Dari bantuan ganda Pulau Cinta untuk kembalinya lama ditunggu-tunggu Kakak laki-laki, hanya perlu sekali melihat trending topik Twitter untuk mengetahui bahwa ini adalah tahun yang besar bagi reality TV. Dan permintaannya masih kuat – 3,4 juta orang menonton untuk menyaksikan para kontestan berpasangan dan dipermalukan di episode pertama Maya Jama sebagai Pulau Cinta tuan rumah pada bulan Januari. Namun, dalam dekade literal sejak itu Kakak laki-laki’peluncuran tahun 2000, dan hari-hari memabukkan TOWIE, Dibuat Di Chelsea dan berbagai pertunjukan bakat yang mengikutinya, tampaknya casting tetap sangat kurang dalam keragaman dan, yah, realisme. Tapi kenapa?
Sebagai penyandang disabilitas, sangat jarang seseorang di reality TV terlihat seperti saya, atau bagian dari komunitas saya. Tubuh saya, dan kehidupan yang saya jalani, jauh dari standar kecantikan yang sangat sempit yang disajikan kepada kami di layar dalam reality show.
Penelitian pemerintah baru-baru ini memperkirakan 14,6 juta penyandang disabilitas tinggal di Inggris Raya, tetapi sebagian besar pemeran reality TV adalah non-penyandang disabilitas, dan mereka yang disertakan terkadang terasa seperti renungan. Kurangnya representasi ini hanya melanggengkan gagasan yang merusak bahwa menjadi cacat berarti tidak layak untuk dicintai, sama seperti saya diberitahu bahwa saya ‘cantik – untuk gadis cacat’.
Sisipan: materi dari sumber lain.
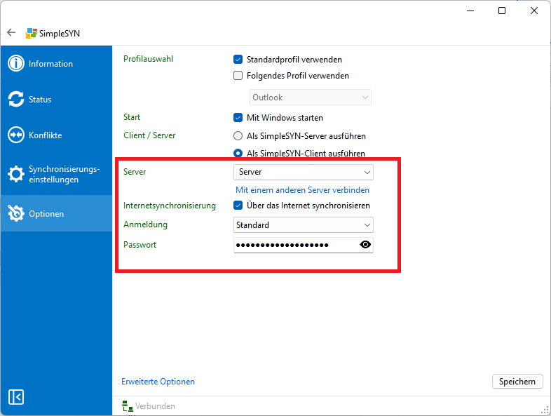 Mit diesen Informationen kann der SimpleSYN-Client eine Verbindung zum Server herstellen und die Synchronisation starten.

Tentu saja, bukan berarti tidak ada kontestan penyandang cacat di reality TV, dan beberapa acara mengambil langkah ke arah yang benar (walaupun reaksi di media sosial sering terasa seperti membawa kita mundur dua langkah). Musim salah satu Para Pengkhianat menerima pujian luas untuk pemerannya yang benar-benar beragam, sementara Benar-benar Ayo Menari telah dipuji karena susunan pemainnya yang inklusif selama bertahun-tahun, termasuk Ellie Simmonds, yang lahir dengan achondroplasia (suatu bentuk kekerdilan), dan JJ Chalmers, yang terluka dalam ledakan bom pada tahun 2011. Kemudian, tentu saja, si brilian Tasha Ghouri dari Pulau Cinta 2022yang telah menggunakan platformnya untuk mendiskusikan kehidupan dengan implan rumah siput.
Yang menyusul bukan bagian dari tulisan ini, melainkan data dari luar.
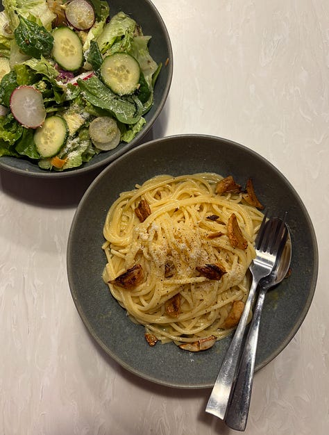 I’ve also been really pleased with how I’ve been feeding myself while here. It’s been so long since I’ve cooked just for me and on my own schedule, I’ve gone a little more ambitious in the kitchen than I thought I’d be. It’s not fancy but somehow I haven’t wasted any of my produce so far (a true feat for me) and when I’m chuffed over the simple act of eating the things I bought, I remember it’s a lot easier to do when your only focus is just to exist as an artist.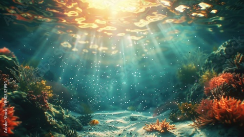 © darshika, Fototapeta premium Retro style marine landscape with underwater view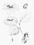 The larva is brown with yellow markings and shows the typical drepanid shape with a tapered tail. It usually feeds on oak, but has also been recorded on alder, beech, and birch. The species overwinters as pupae.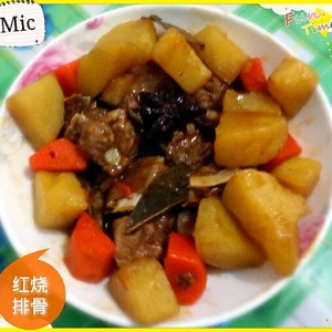 将上述材料放入锅中,加入料酒、八角、香叶、葱,加入水没过排骨。加热30分钟。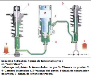 Introducción Se trata de un sistema de Control Dinámico de Recorrido, es decir del tramo que el vehículo recorre. El mismo con DRC en función del estado del camino, permite recorrerlo de forma estable y suave. Es un dispositivo que puede ser calibrado básicamente, para obtener un funcionamiento confortable mediante la combinación de la acción de resortes y amortiguadores. Trabaja con el uso activo del volumen de aceite que desplaza el vástago del pistón del amortiguador. Se desarrolla entonces un accionamiento en coincidencias de fases o en contrafases hidráulicas que tiene como resultado una "inmersión amortiguada" (esquema hidráulico controlado por la válvula central). Funcionamiento Los sistemas convencionales de suspensiones y amortiguación representan siempre una solución intermedia entre el confort de conducción máximo posible y un comportamiento deportivo.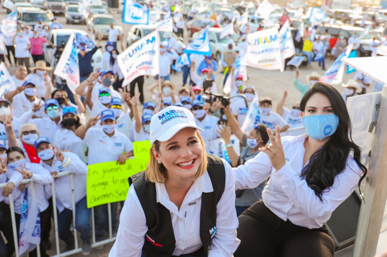 OJINAGA, CHIH.- A pocos días de la elección, la candidata a la gubernatura por la coalición “Nos Une Chihuahua”, Maru Campos, cerró campaña en Ojinaga con un automitin, al cual asistieron miles de personas de la región para acompañar y arropar a la chihuahuense.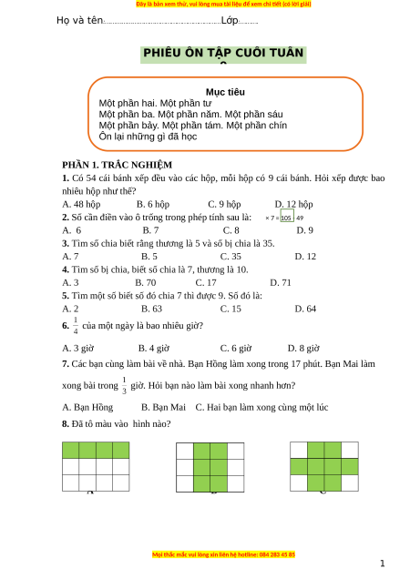 PHIẾU ÔN TẬP CUỐI TUẦN 9 Mục tiêu

Tapi dengan acara seperti The Undateables Dan Cinta Dalam Spektrum, yang memperlakukan kontestan lebih seperti tontonan daripada lajang, sulit untuk merasa bahwa kita termasuk dalam dunia reality TV. Kontestan penyandang disabilitas tidak ingin menimbulkan rasa kasihan, dan pemeran non-disabilitas tidak boleh dianggap suci karena ingin berkencan dengan kami. Itu hanya memperkuat gagasan bahwa jika Anda cacat, Anda lebih sulit untuk dicintai, yang dapat berdampak kecil ke dalam kehidupan nyata. Sebuah studi baru-baru ini dari Kantor Statistik Nasional menunjukkan bahwa penyandang disabilitas hampir tiga kali lebih mungkin mengalami kekerasan dalam rumah tangga dibandingkan dengan orang dewasa yang tidak memiliki disabilitas.
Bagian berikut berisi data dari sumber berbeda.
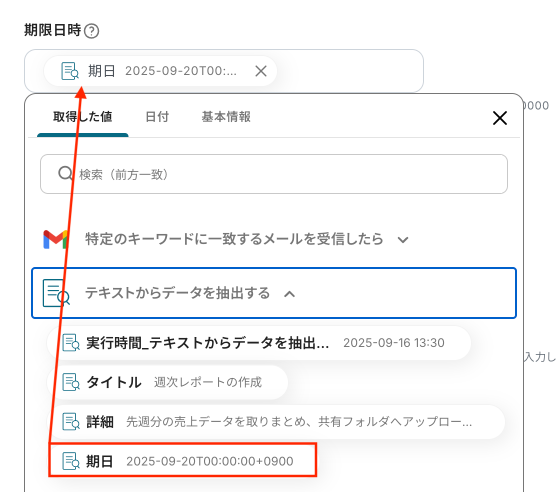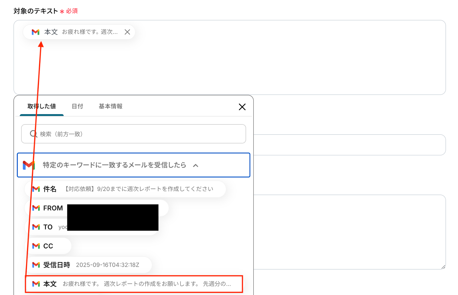 入力欄をクリックすると、前のステップでGmailから取得済みの値が表示されるので選択しましょう。

Agar sikap berubah, reality TV perlu berhenti memperlakukan penyandang disabilitas sebagai berbeda dan menyertakan kami dengan cara yang menormalkan pengalaman kami. Kami tidak membutuhkan pertunjukan kami sendiri; kami ingin menjadi lajang yang berantakan saat kencan yang buruk, sama seperti orang lain. Kami ingin bergandengan tangan, berkumpul – dan bertemu Maya Jama.